Problem details:
Write out exactly, and only, the lines below from the line with "HINWEIS: Rabatt nur" through the line with "Upload handouts, videos, and"; pictures do not belong in the copy.

[Stored entries]

Start of Block

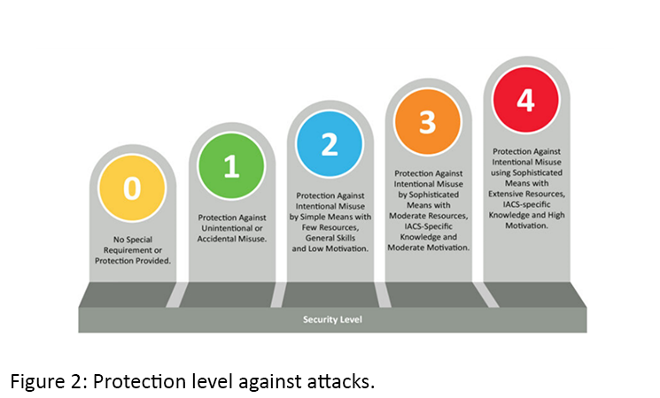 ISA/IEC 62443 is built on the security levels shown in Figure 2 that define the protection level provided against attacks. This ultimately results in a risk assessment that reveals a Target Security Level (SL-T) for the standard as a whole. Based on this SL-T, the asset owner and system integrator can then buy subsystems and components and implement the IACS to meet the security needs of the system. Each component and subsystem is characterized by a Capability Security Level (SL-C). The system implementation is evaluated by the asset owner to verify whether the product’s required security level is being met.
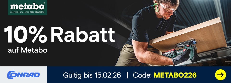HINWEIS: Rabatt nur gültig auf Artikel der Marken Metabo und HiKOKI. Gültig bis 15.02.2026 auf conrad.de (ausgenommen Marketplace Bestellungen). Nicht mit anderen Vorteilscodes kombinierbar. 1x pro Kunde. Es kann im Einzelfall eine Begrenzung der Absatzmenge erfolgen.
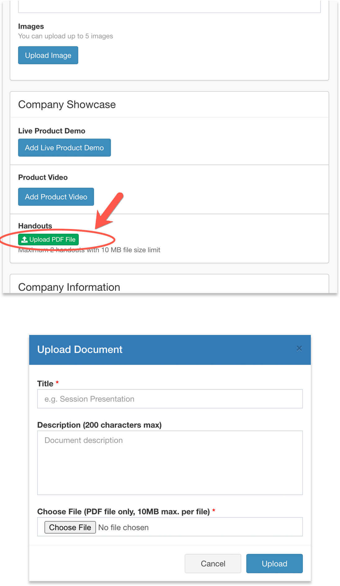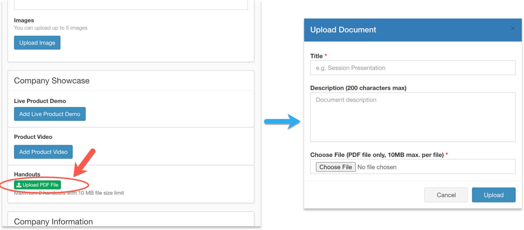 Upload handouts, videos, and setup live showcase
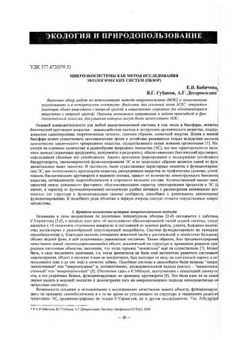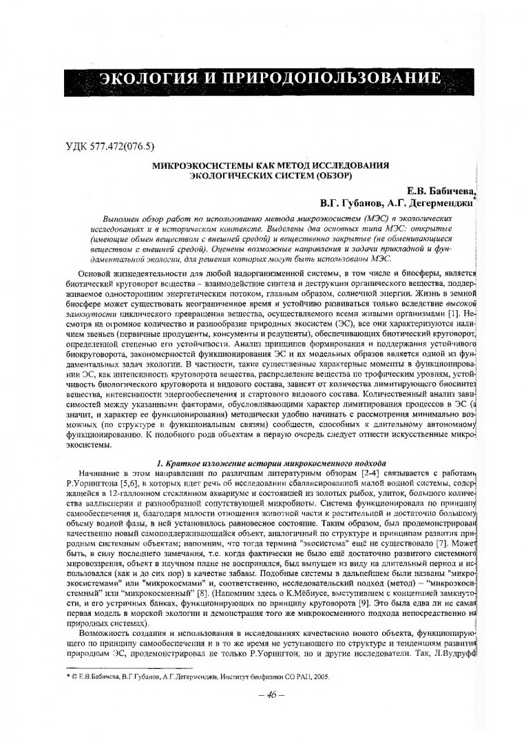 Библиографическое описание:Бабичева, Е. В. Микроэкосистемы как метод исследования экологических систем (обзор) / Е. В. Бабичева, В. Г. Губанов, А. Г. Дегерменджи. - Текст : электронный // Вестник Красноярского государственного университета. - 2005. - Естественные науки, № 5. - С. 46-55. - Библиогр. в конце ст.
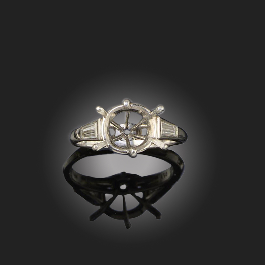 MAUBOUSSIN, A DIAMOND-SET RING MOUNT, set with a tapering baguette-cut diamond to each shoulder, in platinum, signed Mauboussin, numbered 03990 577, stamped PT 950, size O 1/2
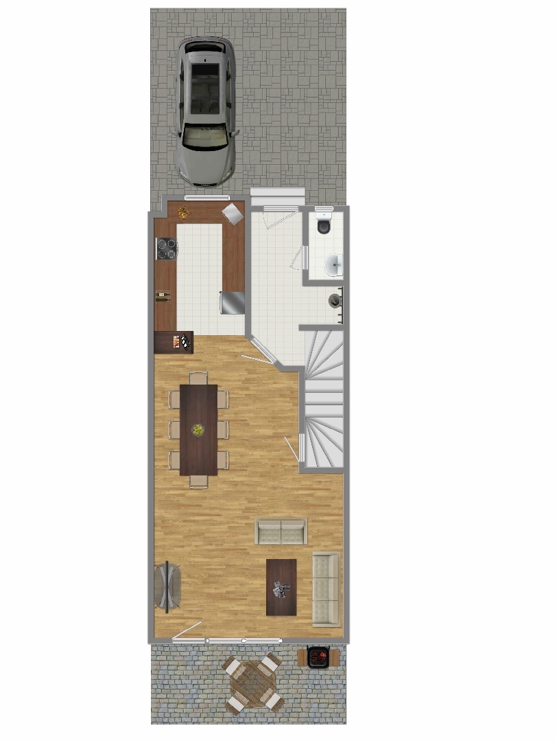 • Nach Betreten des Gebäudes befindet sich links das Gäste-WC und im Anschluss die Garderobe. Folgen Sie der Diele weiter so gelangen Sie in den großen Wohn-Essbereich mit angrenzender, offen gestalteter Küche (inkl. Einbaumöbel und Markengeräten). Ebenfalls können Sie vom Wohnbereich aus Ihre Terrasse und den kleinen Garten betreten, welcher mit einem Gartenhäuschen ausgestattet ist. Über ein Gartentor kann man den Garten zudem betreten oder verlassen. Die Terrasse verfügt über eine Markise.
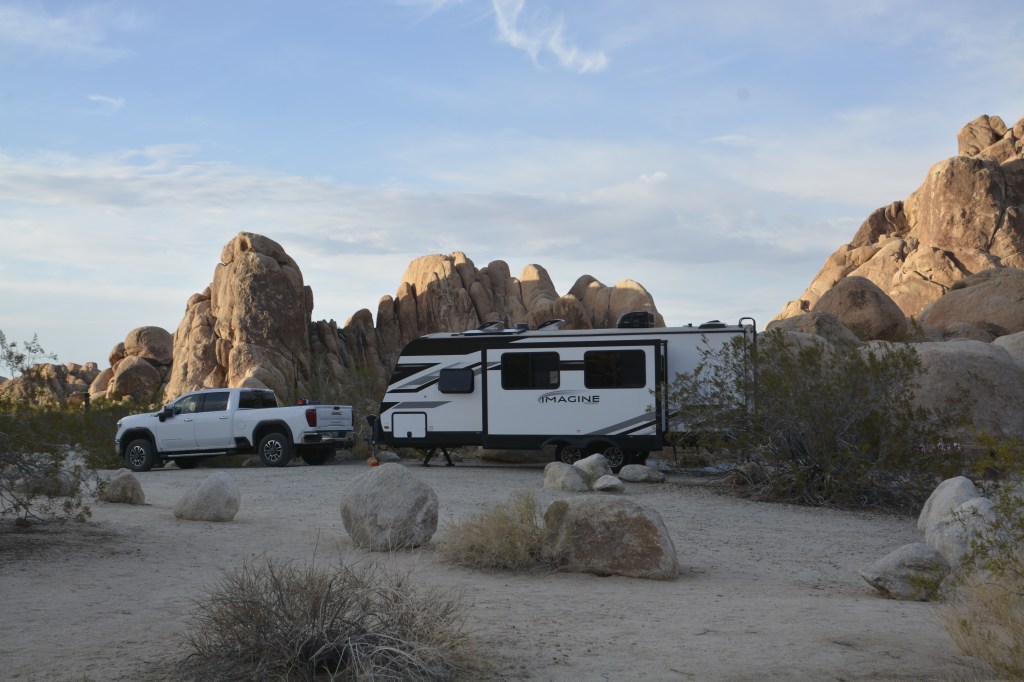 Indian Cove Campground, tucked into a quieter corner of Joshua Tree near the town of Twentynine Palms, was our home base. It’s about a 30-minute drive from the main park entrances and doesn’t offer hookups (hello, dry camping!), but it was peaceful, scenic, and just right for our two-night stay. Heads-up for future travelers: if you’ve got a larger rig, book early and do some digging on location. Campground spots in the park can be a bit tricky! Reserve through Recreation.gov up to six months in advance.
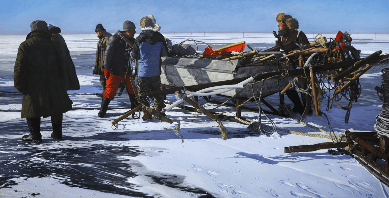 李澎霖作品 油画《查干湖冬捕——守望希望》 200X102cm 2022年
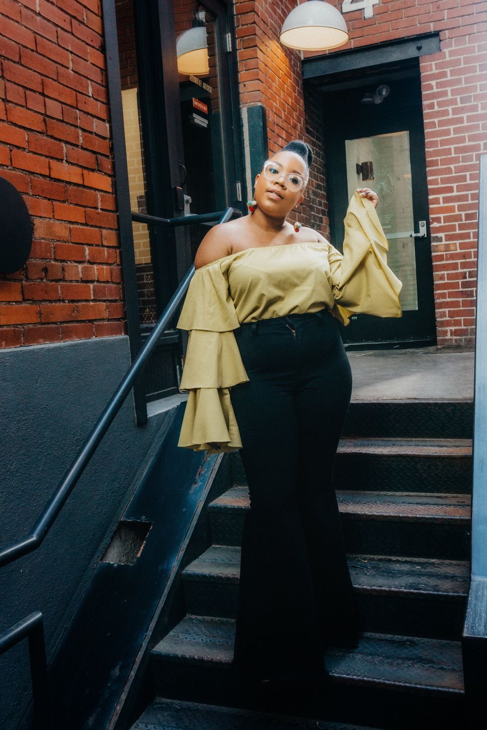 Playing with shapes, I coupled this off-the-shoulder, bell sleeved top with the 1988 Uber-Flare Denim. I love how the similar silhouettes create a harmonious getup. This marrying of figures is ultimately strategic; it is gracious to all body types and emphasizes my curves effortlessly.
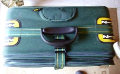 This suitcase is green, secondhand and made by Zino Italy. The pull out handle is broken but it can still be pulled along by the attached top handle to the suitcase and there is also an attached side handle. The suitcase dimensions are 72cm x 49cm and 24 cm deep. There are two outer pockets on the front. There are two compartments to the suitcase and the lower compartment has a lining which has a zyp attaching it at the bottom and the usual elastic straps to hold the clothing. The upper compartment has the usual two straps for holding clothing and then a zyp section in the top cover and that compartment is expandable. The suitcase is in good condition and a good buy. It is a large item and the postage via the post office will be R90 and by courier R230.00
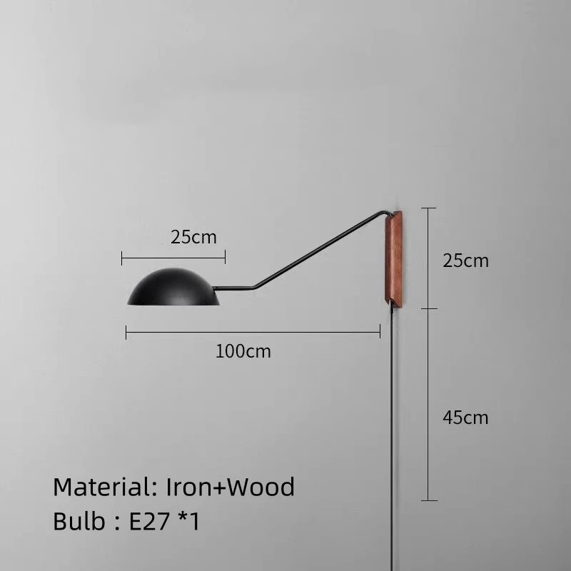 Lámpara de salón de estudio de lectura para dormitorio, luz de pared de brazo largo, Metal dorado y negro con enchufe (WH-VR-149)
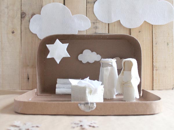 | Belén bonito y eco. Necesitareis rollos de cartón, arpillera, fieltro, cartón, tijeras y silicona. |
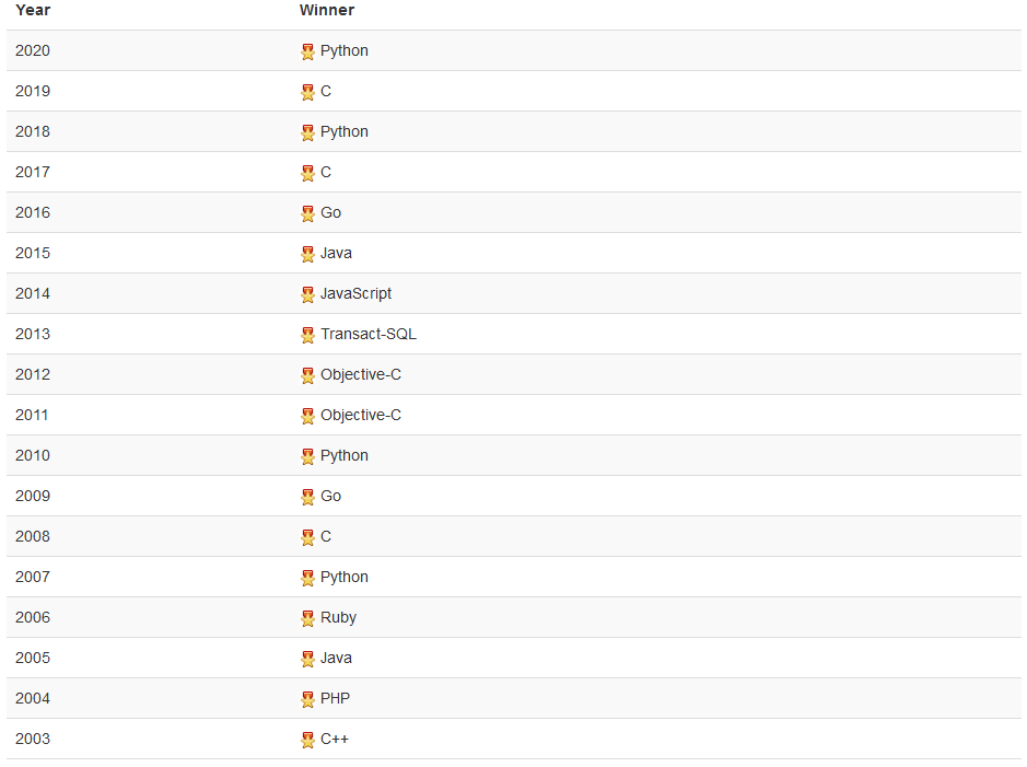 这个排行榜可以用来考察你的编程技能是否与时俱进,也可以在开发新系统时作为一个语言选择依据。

End of Block

Exercise output:
HINWEIS: Rabatt nur gültig auf Artikel der Marken Metabo und HiKOKI. Gültig bis 15.02.2026 auf conrad.de (ausgenommen Marketplace Bestellungen). Nicht mit anderen Vorteilscodes kombinierbar. 1x pro Kunde. Es kann im Einzelfall eine Begrenzung der Absatzmenge erfolgen.
 Upload handouts, videos, and setup live showcase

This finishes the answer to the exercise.